By assigning different group names (model-1-group and model-2-group), the scheduler co-locates each model instance’s shards on one gpu-clique while allowing the two model instances to land on different racks.

Multiple NVL72 Racks in Same Zone#

Extends the previous example by additionally requiring the entire workflow to land in the same availability zone, for example when cross-zone latency would degrade data-parallel communication between model instances.

workflow:
  name: multiple-nvl72-same-zone
  groups:
  - name: group1
    tasks:
    - name: model1-shard1
      resource: model-1
      lead: true
      image: nvcr.io/nvidia/pytorch:24.03-py3
      ...
    - name: model1-shard2
      resource: model-1
      image: nvcr.io/nvidia/pytorch:24.03-py3
      ...
    - name: model1-shard3
      resource: model-1
      image: nvcr.io/nvidia/pytorch:24.03-py3
      ...
    - name: model1-shard4
      resource: model-1
      image: nvcr.io/nvidia/pytorch:24.03-py3
      ...
    - name: model2-shard1
      resource: model-2
      image: nvcr.io/nvidia/pytorch:24.03-py3
      ...
    - name: model2-shard2
      resource: model-2
      image: nvcr.io/nvidia/pytorch:24.03-py3
      ...
    - name: model2-shard3
      resource: model-2
      image: nvcr.io/nvidia/pytorch:24.03-py3
      ...
    - name: model2-shard4
      resource: model-2
      image: nvcr.io/nvidia/pytorch:24.03-py3
      ...
resources:
  model-1:
    gpu: 8
    topology:
    - key: gpu-clique
      group: model-1-group
    - key: zone
      group: workflow-group
  model-2:
    gpu: 8
    topology:
    - key: gpu-clique
      group: model-2-group
    - key: zone
      group: workflow-group
Topology constraint tree for multiple NVL72 racks in same zone use case

The gpu-clique requirements keep each model instance’s shards on the same rack. The shared zone requirement with group: workflow-group ensures both model instances are placed in the same availability zone.

Best-Effort Topology#

An 8-task workflow on a cluster with InfiniBand but without NVLink. Co-locating tasks on the same rack or spine still improves performance, but the workflow should run even if the constraints cannot be met.

workflow:
  name: best-effort-topology
  groups:
  - name: group1
    tasks:
    - name: model1-shard1
      resource: model-1
      lead: true
      image: nvcr.io/nvidia/pytorch:24.03-py3
      ...
    - name: model1-shard2
      resource: model-1
      image: nvcr.io/nvidia/pytorch:24.03-py3
      ...
    - name: model1-shard3
      resource: model-1
      image: nvcr.io/nvidia/pytorch:24.03-py3
      ...
    - name: model1-shard4
      resource: model-1
      image: nvcr.io/nvidia/pytorch:24.03-py3
      ...
    - name: model2-shard1
      resource: model-2
      image: nvcr.io/nvidia/pytorch:24.03-py3
      ...
    - name: model2-shard2
      resource: model-2
      image: nvcr.io/nvidia/pytorch:24.03-py3
      ...
    - name: model2-shard3
      resource: model-2
      image: nvcr.io/nvidia/pytorch:24.03-py3
      ...
    - name: model2-shard4
      resource: model-2
      image: nvcr.io/nvidia/pytorch:24.03-py3
      ...
resources:
  model-1:
    gpu: 8
    topology:
    - key: rack
      group: model-1-group
      requirementType: preferred
    - key: spine
      group: workflow-group
      requirementType: preferred
  model-2:
    gpu: 8
    topology:
    - key: rack
      group: model-2-group
      requirementType: preferred
    - key: spine
      group: workflow-group
      requirementType: preferred
Topology constraint tree for best-effort topology use case

Using requirementType: preferred tells the scheduler to attempt co-location but not block scheduling if the constraints cannot be satisfied.
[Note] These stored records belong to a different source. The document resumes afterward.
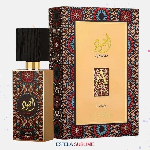 AJWAD DE LATTAFA PERFUMES ES UNA FRAGANCIA DE LA FAMILIA OLFATIVA AMADERADA AROMÁTICA PARA HOMBRES Y MUJERES. AJWAD SE LANZÓ EN 2021. LA NOTA DE SALIDA ES NOTAS AFRUTADAS; LAS NOTAS DE CORAZÓN SON ROSA Y JAZMÍN; LAS NOTAS DE FONDO SON VAINILLA, ALMIZCLE, ÁMBAR Y CEDRO.
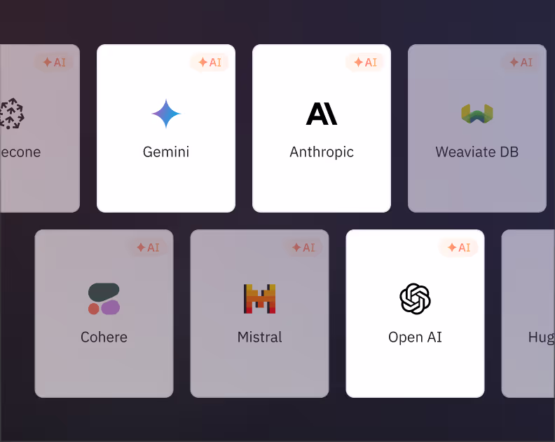 Accelerate workflows with AI models like OpenAI, Gemini, and Anthropic. Generate text, analyze docs, & extract insights in your apps using a unified, no-code interface.
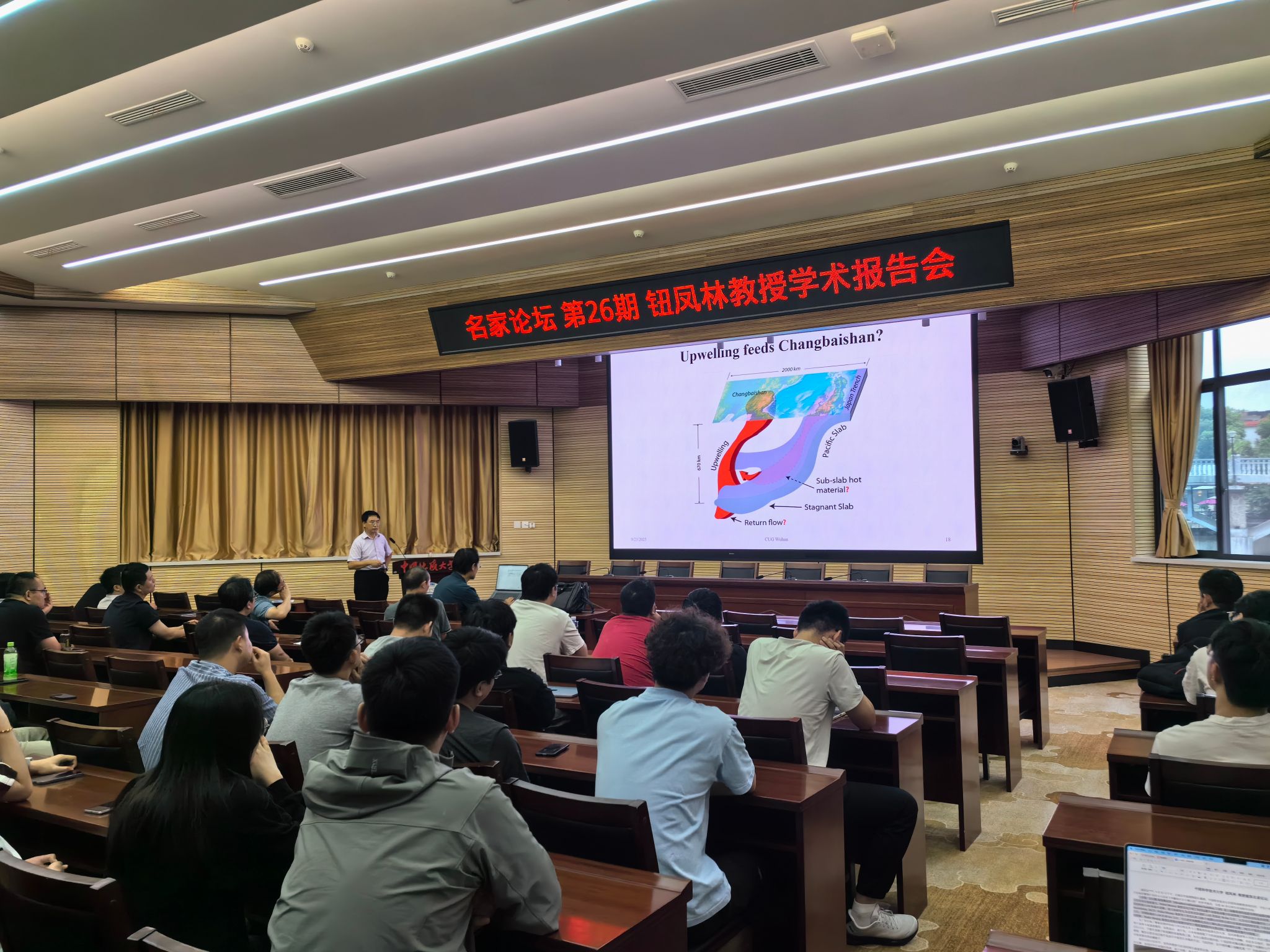 (通讯员 杨小舟)9月23日下午,应德赢官网熊熊院长邀请,中国科学技术大学钮凤林教授来校访问,并在八角楼学术报告厅做了“东亚波形层析成像:东北亚下方由板块撕裂引发的火山活动与西藏地区岩石圈沉陷”的学术报告,全校60多位师生到场聆听讲座。
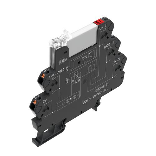 1 CO contact Contact material: AgSnO Unique multi-voltage input from 24 to 230 V UC Input voltages from 5 V DC to 230 V UC with coloured marking: AC: red, DC: blue, UC: white
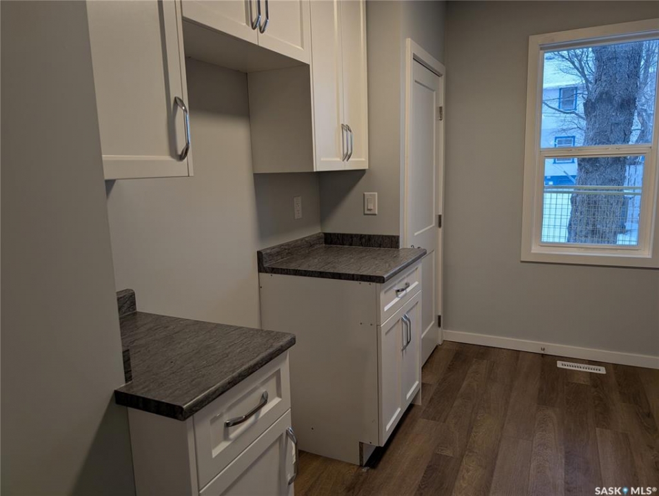 1188-square-foot one-and-a-half-storey home. Totally redone: new flooring, paint, shingles, windows, furnace, water heater, kitchen, bathrooms. Located one block from SIAST. Close to shopping, bus, schools and more. Short walk to downtown. This property is currently vacant and ready for immediate possession. No Appliances Included.
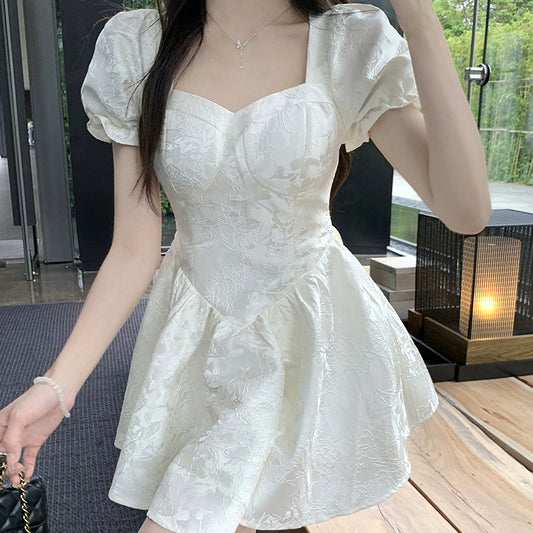 Square Neck Clavicle Slim Fit Puff Sleeve Short Dress
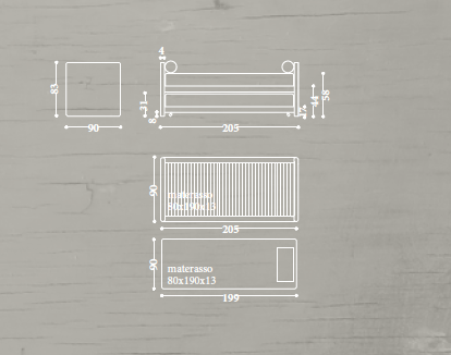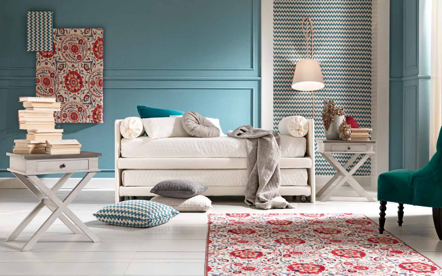 Версии: готовая кровать с деревянной решеткой и второй выдвижная кровать с механизмом открывания. диван в комплекте с 2 пружинными матрасами 13 см. Структура: древесина и ее производные. Обивка: полиуретан расширен до дифференцированных размеров и качества, волокна полиэстер, подушка из гусиного пуха. Характеристики: полностью съемный; ролики и одеяло серии. Свободный в версии с сетью 80X190.
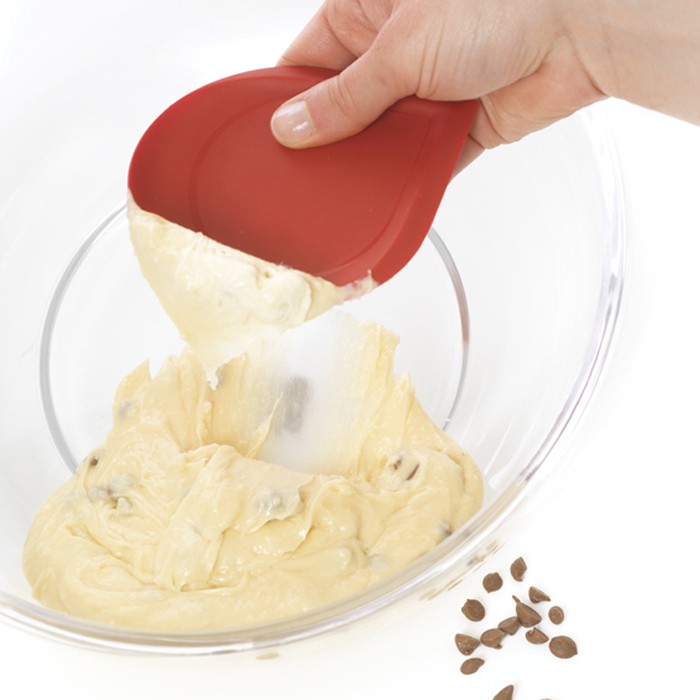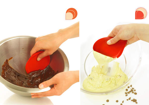 O mix and scrape out batter easily-even from the contours of a bowl !
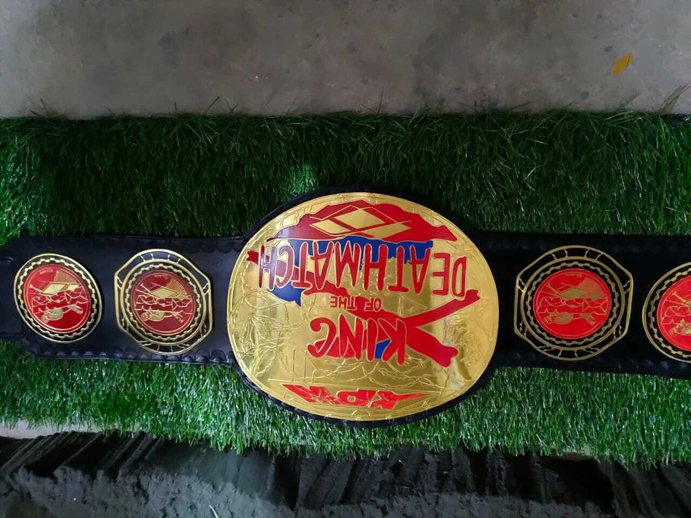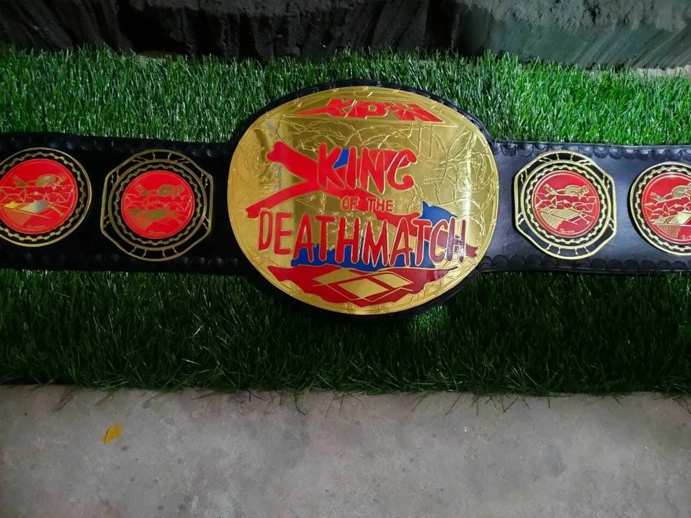 Welcome to our shop ------------------------------------------- We are specialist in manufacturing handmade products:: Our wide range of products include: >>>>Championship Belts WWE | WWF | AEW | UFC | WBC | WCW Product Description *** King of the Death Match Championship Wrestling Brass 2mm Belt *** Plate Metal: Brass (Zinc available on request with additional cost) Strap: 100% Leather Largest Waist Size: Fits upto 46'' Belt Length: ~50" Weight: 6.17 lbs | 2.81 Kg Plate Thickness: 2mm (4mm Version available on demand with additional cost) ::The belt is well crafted and manufactured to meet the quality demands of fans:: Get your hands on this marvelous piece now! Note: If you need further details kindly inbox us, we will try to be as responsive as possible. ------------------------------------------- Return Policy: Generally we don't have much complains on our products and we make sure to 100% satisfy our clients. We send the product in well Bubble Wrapped packaging so there is highly unlike chance of getting damaged item. In case there is a damage, we will try to give partial refund or you can ask for full refund within 30 days after returning the belt to origin. NOTE: 1. If you have placed the order by mistake or you have purchased a wrong item then we are not going to refund that. 2. Buyer will pay the shipping fee of returning the belt. ------------------------------------------- Happy Shopping! :)
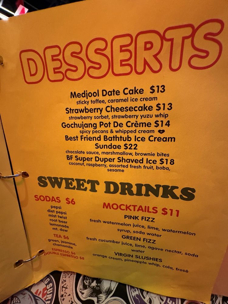 Introducing the menu at Best Friend by Roy Choi, located in Las Vegas, is a culinary experience that combines traditional Korean flavors with a modern twist. The kimchi fried rice is a highlight, with fresh and crispy textures that tantalize the taste buds. The uni dynamite and crispy shrimp are also crowd favorites, bursting with bold and flavorful sauces. The fusion of Korean and Mexican influences creates a unique palate experience, perfect for those seeking something new and exciting. The ambiance is vibrant and hip, with quirky front decor and a trendy back area. Service is attentive and friendly, adding to the overall enjoyable dining experience. Don't miss out on the Chef Menu for a full culinary journey through the innovative dishes at Best Friend.
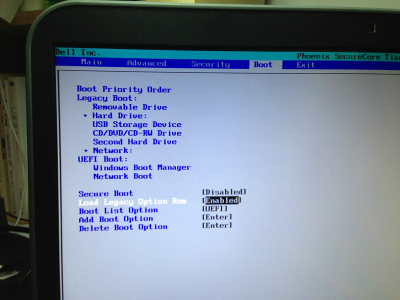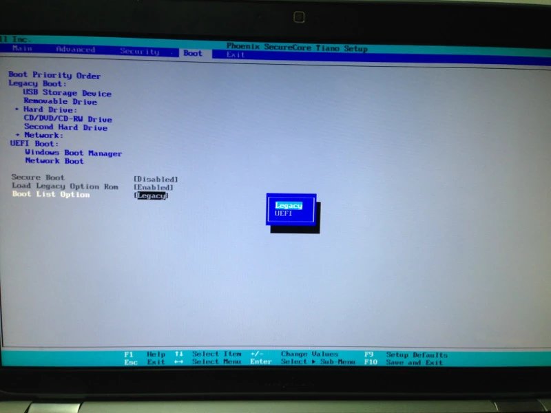 下面是BOOT菜单,这就是预装win8的笔记本比较操蛋的地方:没有USB启动。实际上并不是这样,只不过是因为为了让笔记本初次进入系统的时候,强制进入预装的win8系统,bios菜单项被修改为secure boot了,在这个模式下,boot list option只能是uefi模式,也就是常说的EFI系统, 他区别于以前我们说使用的模式LegacyBIOS(具体参见:http://baike.baidu.com/view/112215.htm)。
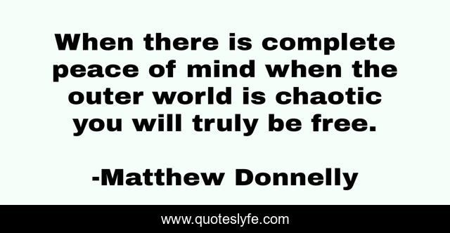 This page presents the quote "When there is complete peace of mind when the outer world is chaotic you will truly be free.". Author of this quote is Matthew Donnelly. This quote is about peace, chaos, internal-dialogue,.
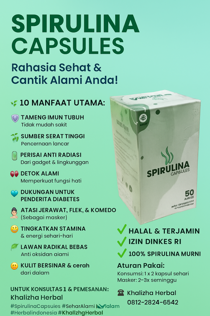 Hidup sehat dan kulit bersih jadi impian? Kini hadir SPIRULINA CAPSULES, suplemen alami dari 100% Spirulina murni yang telah mendapat Izin Dinkes RI dan Sertifikasi HALAL MUI.
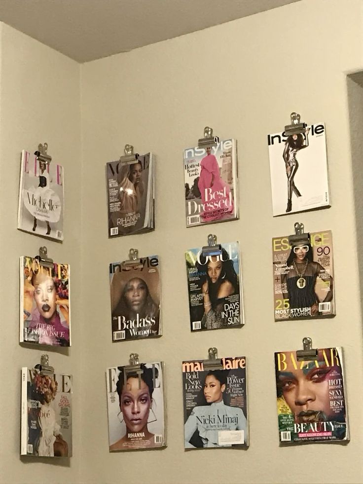 Wall art is nothing new for the average crafter. Posters, painted canvases and banners string across walls. Fairy lights and star garlands hang above canopy beds. These are all great decor pieces but there are other items that should be considered too. Instead of keeping them on a desk, try clipboards as a back for your favorite magazine covers.
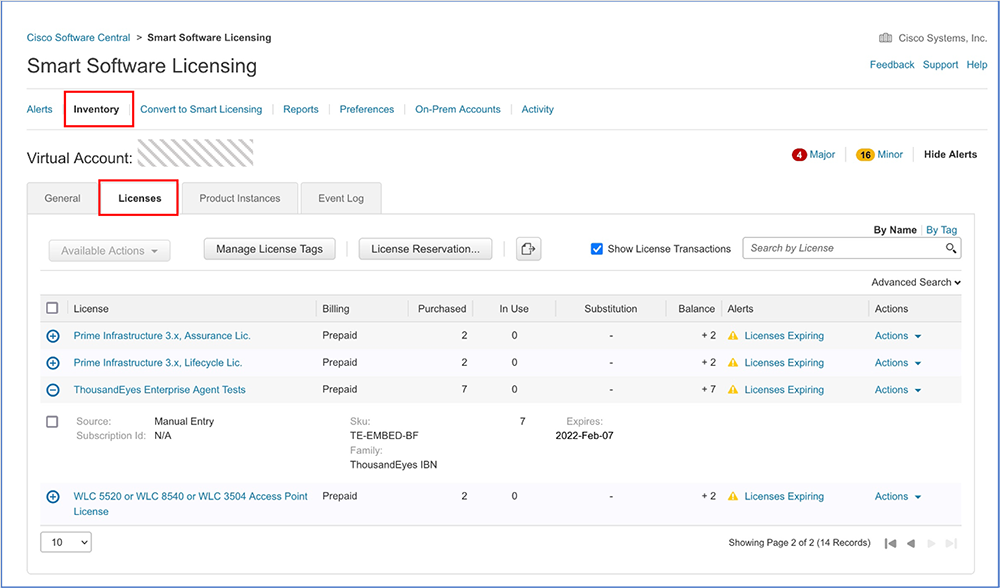 Navigate to Inventory --> Licenses
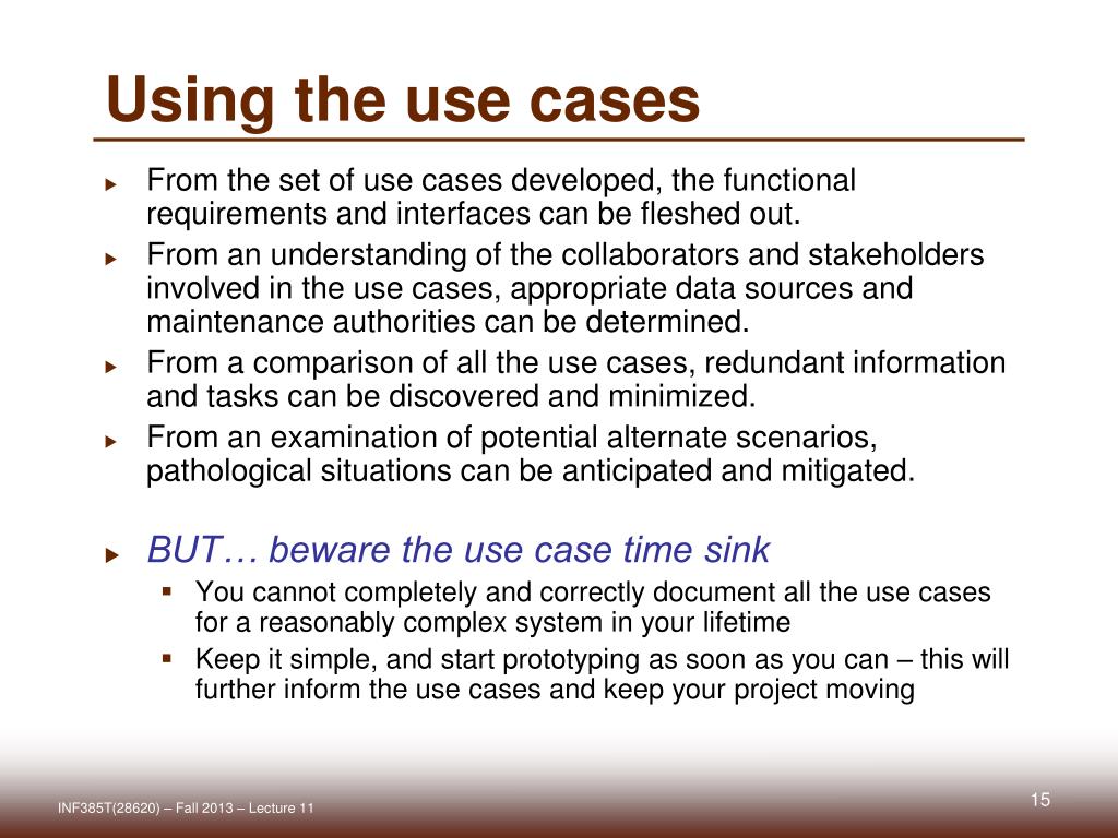 Using the use cases • From the set of use cases developed, the functional requirements and interfaces can be fleshed out. • From an understanding of the collaborators and stakeholders involved in the use cases, appropriate data sources and maintenance authorities can be determined. • From a comparison of all the use cases, redundant information and tasks can be discovered and minimized. • From an examination of potential alternate scenarios, pathological situations can be anticipated and mitigated. • BUT… beware the use case time sink • You cannot completely and correctly document all the use cases for a reasonably complex system in your lifetime • Keep it simple, and start prototyping as soon as you can – this will further inform the use cases and keep your project moving INF385T(28620) – Fall 2013 – Lecture 11

Reused Group Names Do Not Imply Co-location#

This example demonstrates that sharing a group name at a finer topology level does not guarantee co-location when the tasks belong to different groups at a coarser level.

Four tasks are split across two zones. Within zone-a, both task-1 and task-2 must share the same rack (rack-group-1). Within zone-b, task-3 is placed on a rack also named rack-group-1, while task-4 is placed on rack-group-2.

workflow:
  name: scoped-group-example
  groups:
  - name: group1
    tasks:
    - name: task-1
      resource: rack-a
      lead: true
      image: nvcr.io/nvidia/pytorch:24.03-py3
      ...
    - name: task-2
      resource: rack-a
      image: nvcr.io/nvidia/pytorch:24.03-py3
      ...
    - name: task-3
      resource: rack-b1
      image: nvcr.io/nvidia/pytorch:24.03-py3
      ...
    - name: task-4
      resource: rack-b2
      image: nvcr.io/nvidia/pytorch:24.03-py3
      ...
resources:
  rack-a:
    gpu: 8
    topology:
    - key: zone
      group: zone-a
    - key: rack
      group: rack-group-1
  rack-b1:
    gpu: 8
    topology:
    - key: zone
      group: zone-b
    - key: rack
      group: rack-group-1
  rack-b2:
    gpu: 8
    topology:
    - key: zone
      group: zone-b
    - key: rack
      group: rack-group-2
Topology constraint tree showing that rack-group-1 resolves independently under each zone

Although task-1, task-2, and task-3 all specify group: rack-group-1 for their rack constraint, task-3 will not be placed on the same physical rack as task-1 and task-2. Because their zone groups differ (zone-a vs. zone-b), the two rack-group-1 nodes sit in separate branches of the constraint tree and are resolved independently by the scheduler.

Important

Group names are scoped by their position in the constraint tree. Tasks sharing the same group name at a given key level are only guaranteed to be co-located if they also share all ancestor group memberships at every coarser constraint level above them.